0 1
Reunion of North and South Korea - Jim Rogers on U-tube
Post 12 of 42
Quoting from [Street Smart]:

 



>Let me guess your age to be at 50 plus< am I correct?

Maybe you are right... if you mentioned my mental age ;)




> Korean history has about 1 generation of Japanese colonisation, for more than 30 years. There are a tribe of people born during this period, and many have Japanese parents, put aside the spies and the Secret Service people. These people do not simply disappear out of the social fabric, they grow along with the rest of the people in the whole nation. They are the ones who will faction the nation in whatever decision, policy or direction the leaders take. Sometimes they form the majority in the Senate and the Government.

 

I don' t agree with you on the point that there is such a trabe in Korea ... actually it sounds even funny to me. Through the past 38 years (yes, I'm 38), I've never heard about that and I think, even though there must have been not a little of that race before the independance, it is unlikely that they had been brought up to be leaders even after the independance. As I mentioned previously, those are mostly the decendants of betrayors of the colonial era or those who gave in the power of betrayors.





> ....subjection. I have observed my Korean colleagues and the Japanese when they meet and talk in conversations and their body language. Japanese still holds low esteem of the Koreans in everything, they consider the language as inferior and attempted to destroy the Korean tongue to replace with the Katakana , the Hiragana and the Kanji during the thirty over years when they were the colonial masters. Even the Japanese Yen is 10 times stronger than the Korean Won. They consider the Korean technology inferior, the people poor.

 

Every race has that racism and we also look down on the Japanese adn their culture something, though we respect their idustrial superiority... and above all I can hardly acknowledge that their language is superior to ours.
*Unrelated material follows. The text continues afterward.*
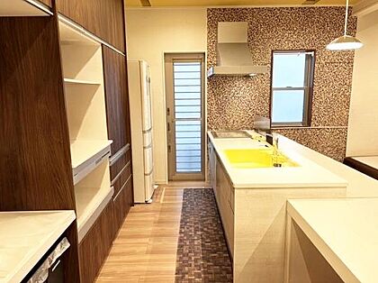 キッチン全体が明るく収納が豊富に配置されています。イエローのシンクがアクセントとなり空間に個性をプラスしています。広々とした作業スペースが確保されており動線もスムーズです。

They can't even pronounce those words with the 'finals'.

 

HC





01 Sep 2008 01:25
Post 13 of 42
Choy,


During the Korean war, there were ups and downs of the United Nation's forces and the North Korean forces with the aid of the Russian. There were two events when Seoul was the North over ran Seoul, then the US forces had enough forces to attack from Incheon and drove the Northerners back. However MacArthur did not stopped after the Han River, and Pyongyang, he went further up to the Chinese borders and aroused the Chinese to give them back with their rockets and howitzers.


Then the people fled back towards South, across the Han River, and Seoul was captured for the second time. But during these times, hundreds and thousands of North Koreans were amongst the refugees, some of them were spies without their military uniforms, and many of them were the ordinary people least suspected of being spies for the North. They mingled among the local people, speak the same language and look the same. These are the radical groups.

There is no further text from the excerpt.